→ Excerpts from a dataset
=== Begin Enclosure ===
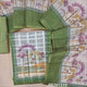 Light green semi linen unstitched salwar material (lining needed)printed yoke with zari and real mirror work, self checked design all over, printed daman, printed cotton bottom, printed semi linen dupatta. FB261310
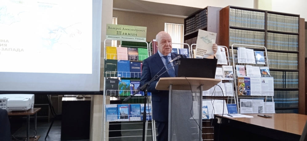 В. А. Шлямин – доктор экономических наук, научный руководитель Института североевропейских и арктических исследований ПетрГУ. Валерий Александрович участвовал в разработке документов стратегического планирования арктических территорий Республики Карелия и проведении Первого научно-практического межрегионального форума с международным участием "Арктика – наш общий дом", который состоялся в Петрозаводске в 2024 году. По итогам форума был издан сборник материалов "Перспективы развития Арктической зоны Российской Федерации в условиях геополитической турбулентности на Севере Европы и в Арктике". Презентация сборника состоялась в читальном зале Научной библиотеки.
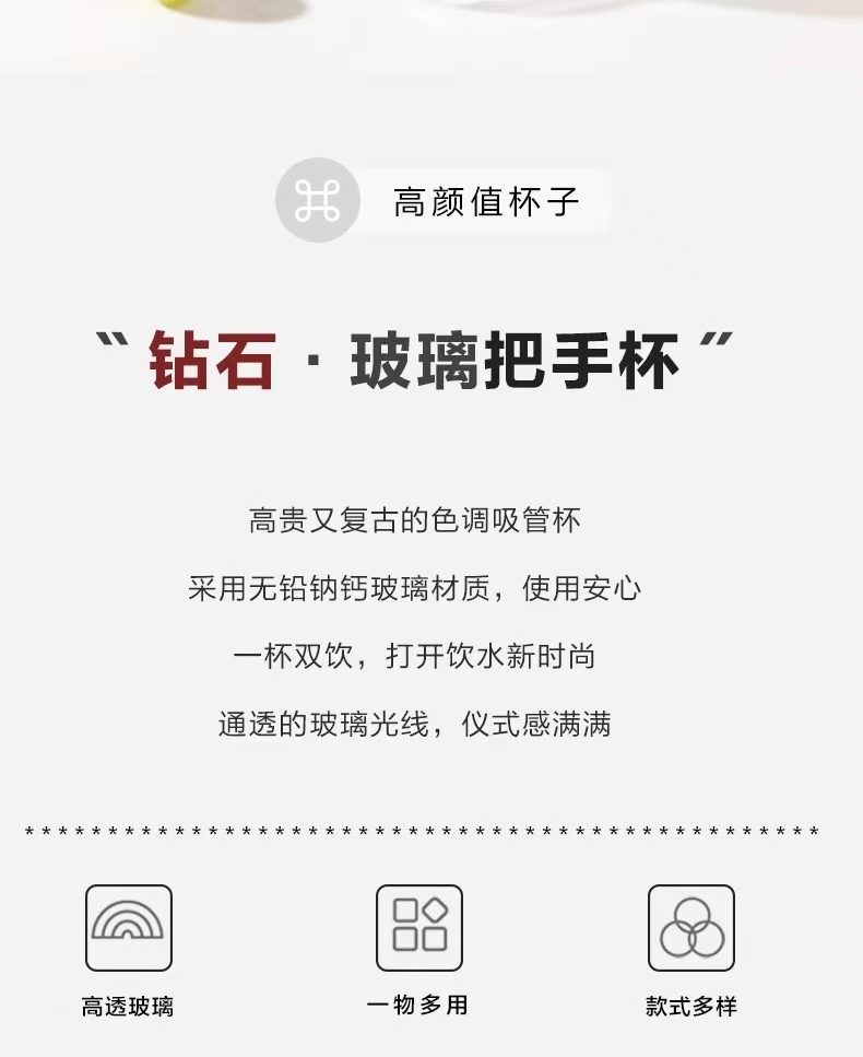 无铅安全玻璃,获得国家质检检测报告合格证书。;玻璃吸管,使用安全方便。;独特的花纹设计,美观大方。
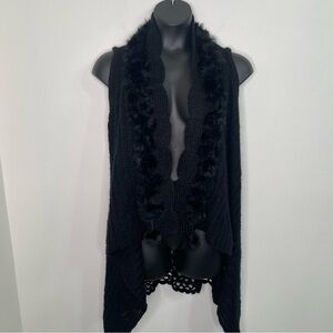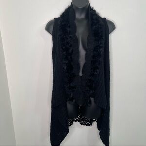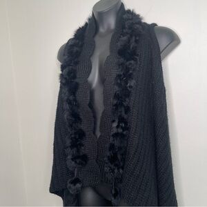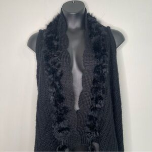 Elevate your wardrobe with this luxurious black open-front knit vest. Featuring a sophisticated scalloped edge design, the vest is adorned with plush faux fur trim along the collar, adding a touch of elegance and warmth. Its flowing asymmetrical hem creates a flattering silhouette, while the soft knit fabric ensures comfort and versatility for layering over casual or formal outfits. Perfect for chilly evenings or a statement piece for any occasion, this vest effortlessly combines style and coziness.
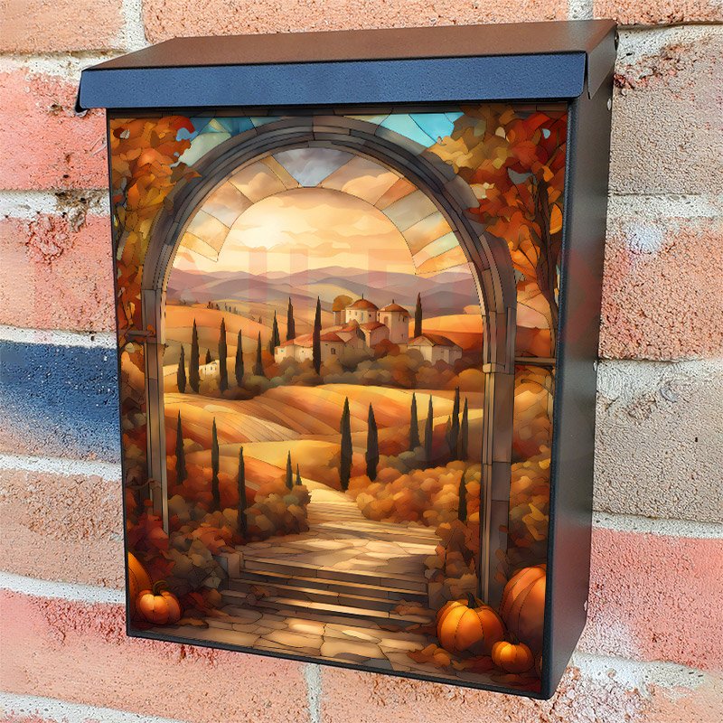 This Stained Glass Tuscan Autumn mailbox design was created by Krisztina Soos
=== End Enclosure ===
→ WORK INSTRUCTIONS
Restate every entry above word for word; no picture belongs in the copy.

→ PROBLEM SOLUTION
 Light green semi linen unstitched salwar material (lining needed)printed yoke with zari and real mirror work, self checked design all over, printed daman, printed cotton bottom, printed semi linen dupatta. FB261310
 В. А. Шлямин – доктор экономических наук, научный руководитель Института североевропейских и арктических исследований ПетрГУ. Валерий Александрович участвовал в разработке документов стратегического планирования арктических территорий Республики Карелия и проведении Первого научно-практического межрегионального форума с международным участием "Арктика – наш общий дом", который состоялся в Петрозаводске в 2024 году. По итогам форума был издан сборник материалов "Перспективы развития Арктической зоны Российской Федерации в условиях геополитической турбулентности на Севере Европы и в Арктике". Презентация сборника состоялась в читальном зале Научной библиотеки.
 无铅安全玻璃,获得国家质检检测报告合格证书。;玻璃吸管,使用安全方便。;独特的花纹设计,美观大方。
 Elevate your wardrobe with this luxurious black open-front knit vest. Featuring a sophisticated scalloped edge design, the vest is adorned with plush faux fur trim along the collar, adding a touch of elegance and warmth. Its flowing asymmetrical hem creates a flattering silhouette, while the soft knit fabric ensures comfort and versatility for layering over casual or formal outfits. Perfect for chilly evenings or a statement piece for any occasion, this vest effortlessly combines style and coziness.
 This Stained Glass Tuscan Autumn mailbox design was created by Krisztina Soos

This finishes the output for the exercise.